[Opening DATASET EXTRACT section]
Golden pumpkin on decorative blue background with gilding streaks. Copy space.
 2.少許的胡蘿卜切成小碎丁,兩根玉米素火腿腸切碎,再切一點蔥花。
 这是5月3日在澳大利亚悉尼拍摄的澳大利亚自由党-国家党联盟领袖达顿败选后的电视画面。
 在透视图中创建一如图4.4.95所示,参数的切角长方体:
[Closing DATASET EXTRACT section]
[Opening DATASET EXTRACT section]
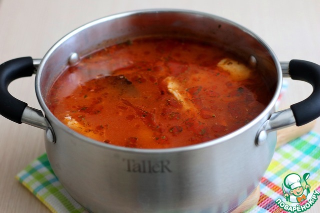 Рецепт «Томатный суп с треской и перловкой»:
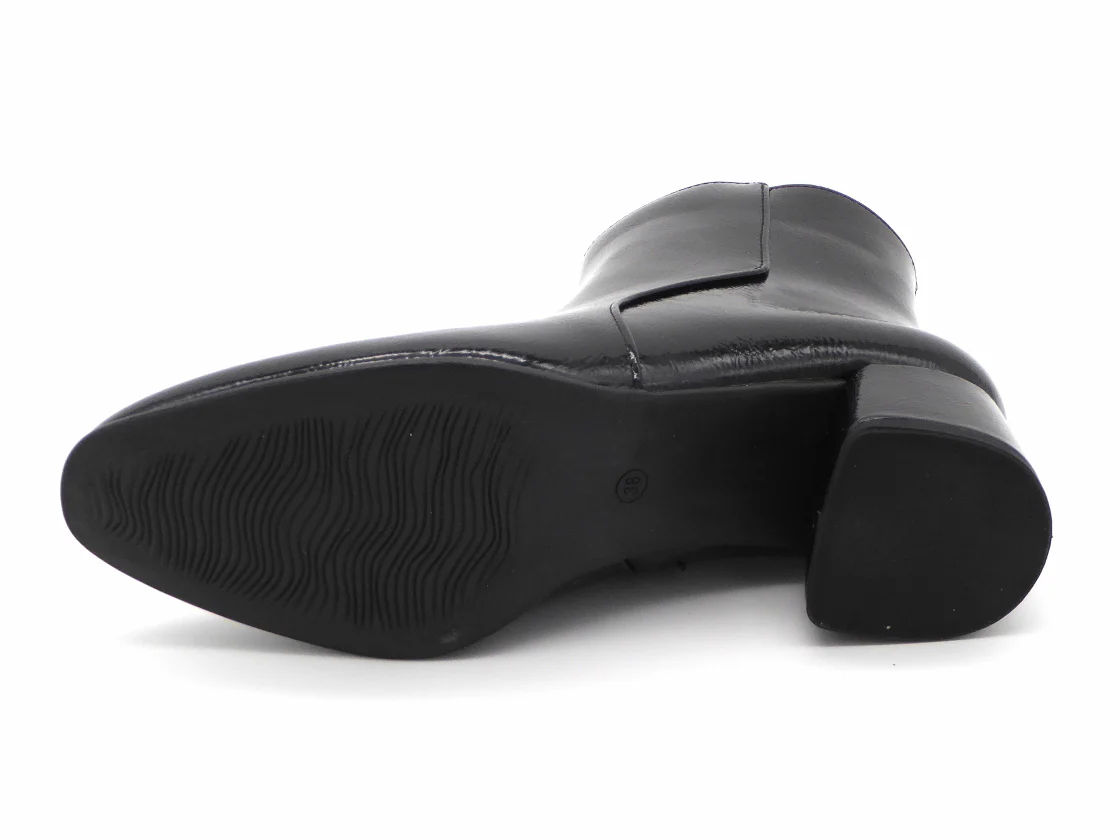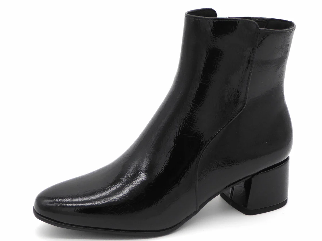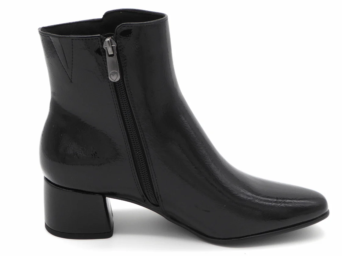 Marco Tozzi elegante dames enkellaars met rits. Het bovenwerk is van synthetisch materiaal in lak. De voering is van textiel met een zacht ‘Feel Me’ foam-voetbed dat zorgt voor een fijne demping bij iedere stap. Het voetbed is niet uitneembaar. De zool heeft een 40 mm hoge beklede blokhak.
[Closing DATASET EXTRACT section]
§ EXERCISE REQUIREMENTS
Reproduce the listing above from the line that holds "суп с треской" through the line that holds "Marco Tozzi elegante", both included, with the pictures left out.

§ OUTPUT BELOW
 Рецепт «Томатный суп с треской и перловкой»:
 Marco Tozzi elegante dames enkellaars met rits. Het bovenwerk is van synthetisch materiaal in lak. De voering is van textiel met een zacht ‘Feel Me’ foam-voetbed dat zorgt voor een fijne demping bij iedere stap. Het voetbed is niet uitneembaar. De zool heeft een 40 mm hoge beklede blokhak.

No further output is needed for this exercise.